Procuradoria acusa vereador por desvio de alimentos do Fome Zero em Avaré

Para fazer o desvio, ele utilizou falsamente nome de 2 entidades assistenciais da cidade do interior paulista

Fausto Macedo , O Estado de S. Paulo

18 de dezembro de 2012 | 18h31

SÃO PAULO - O Ministério Público Federal em Bauru (SP) protocolou nesta terça-feira, 18, ação civil pública por ato de improbidade administrativa contra o vereador Júlio César Theodoro (PSD), conhecido como "Tucão", eleito pelo município de Avaré, no interior paulista. Ele é acusado de desviar 21 toneladas de alimentos do Programa Fome Zero, utilizando falsamente o nome de duas entidades assistenciais da cidade.

Os alimentos seriam utilizados em proveito próprio, durante a campanha eleitoral, mas parte acabou apodrecendo antes da distribuição.

O desvio, que ocorreu nos anos de 2009 e 2010, provocou um prejuízo aos cofres públicos avaliado em R$ 75.588,29, em valores atualizados até agosto de 2012. O Ministério Público Federal quer que todos os réus na ação sejam condenados a devolver o valor à União.

Também responderão por improbidade administrativa dois assessores do parlamentar, Fábio Henrique de Campos Silva e Edi Fernandes; o motorista responsável pelo transporte dos alimentos, Décio Gambini, e sua empresa, Décio Gambini Transportes ME; e a assistente social Vera Alice Arca Giraldi.

Também são alvos da ação de improbidade quatro funcionários da Companhia Nacional de Abastecimento (Conab), acusados de terem se omitido no dever de fiscalizar a destinação dos alimentos: Alfredo Luiz Brienza Coli, superintendente regional da Unidade de Bernardino de Campos; Nivaldo Aparecido Maia, gerente de Operações; Odete Maria Loch, analista de recursos humanos; e Francisco Westarb, secretário da Gerência de Operações.

Segundo a denúncia feita à Polícia Federal e inicialmente investigada pelo Ministério Público Estadual, o vereador, que foi candidato a deputado federal nas últimas eleições, utilizou o nome de duas entidades assistenciais de Avaré - Conselho de Obras Sociais de Avaré (Cosa) e Lar São Nicolau - para conseguir os alimentos junto à Conab de Bernardino de Campos.

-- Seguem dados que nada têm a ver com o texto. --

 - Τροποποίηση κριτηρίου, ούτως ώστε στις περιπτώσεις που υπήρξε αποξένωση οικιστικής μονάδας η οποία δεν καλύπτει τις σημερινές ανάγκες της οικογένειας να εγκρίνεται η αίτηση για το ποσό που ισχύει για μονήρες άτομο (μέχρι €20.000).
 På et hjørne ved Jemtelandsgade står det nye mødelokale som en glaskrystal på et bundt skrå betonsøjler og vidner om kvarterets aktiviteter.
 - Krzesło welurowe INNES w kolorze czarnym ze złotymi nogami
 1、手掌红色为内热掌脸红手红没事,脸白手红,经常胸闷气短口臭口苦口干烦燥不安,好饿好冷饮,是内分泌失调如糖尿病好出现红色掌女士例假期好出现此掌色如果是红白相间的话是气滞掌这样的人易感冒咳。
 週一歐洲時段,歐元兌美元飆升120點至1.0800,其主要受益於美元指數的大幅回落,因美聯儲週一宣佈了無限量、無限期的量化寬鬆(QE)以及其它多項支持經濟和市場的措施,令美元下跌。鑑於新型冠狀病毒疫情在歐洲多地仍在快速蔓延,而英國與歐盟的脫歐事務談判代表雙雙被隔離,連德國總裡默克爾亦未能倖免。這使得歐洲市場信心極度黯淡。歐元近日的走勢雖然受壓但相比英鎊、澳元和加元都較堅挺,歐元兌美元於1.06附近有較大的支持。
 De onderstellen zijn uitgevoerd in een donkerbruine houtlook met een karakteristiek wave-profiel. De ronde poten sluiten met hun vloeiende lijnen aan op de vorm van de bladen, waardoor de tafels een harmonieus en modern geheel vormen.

"Em períodos eleitorais, o réu abastecia-se de víveres, para finalidades que não é preciso muito esforço para se descobrir, e deles se valia para benefício próprio, deixando a entidade assistencial privada de seus indispensáveis haveres", aponta a ação, assinada pelo procurador da República Pedro Antônio de Oliveira Machado.

Segundo a denúncia levada ao Ministério Público e que deu origem às investigações, cerca de 7,5 toneladas de alimentos apodreceram numa casa no conjunto habitacional do bairro Plimec, em Avaré.

Os dois assessores do parlamentar chegaram a oferecer ajuda às entidades assistenciais para obter os alimentos doados pela Conab. Fábio Henrique é acusado de falsificar documentos timbrados de uma das entidades e se passar por seu representante para conseguir a liberação das doações.

Já a assistente social Vera Alice Arca Giraldi, que foi presidente do Conselho de Obras Sociais (Cosa) por mais de 20 anos, é acusada de improbidade administrativa por "emprestar" o nome da entidade que representava para que o vereador pudesse conseguir os alimentos que, posteriormente, seriam utilizados para outros fins. "Ela aceitou que a instituição que presidia fosse um verdadeiro 'laranja' no atingimento dos interesses do vereador", afirma o procurador Pedro Antônio de Oliveira Machado.

"Só quando o Ministério Público começa a apurar os fatos é que a administração parece começar a se movimentar e, ainda assim, de maneira lenta, tratando o caso com leniência", lamenta Machado. "Passados três anos, nenhuma prestação de contas existe ou foi exigida pelos dirigentes da Conab", revelou.

Para o Ministério Público Federal, a maior responsabilidade pelos desvios é do vereador Júlio Theodoro, que "demonstrou capacidade elevadíssima de transgredir" Quando, na verdade, tinha, por delegação do voto popular, "a incumbência de estar a serviço da causa pública".

No gabinete de "Tucão", na Câmara de Avaré ninguém atende o telefone. "Tucão" não atendeu o celular e não deu retorno à reportagem.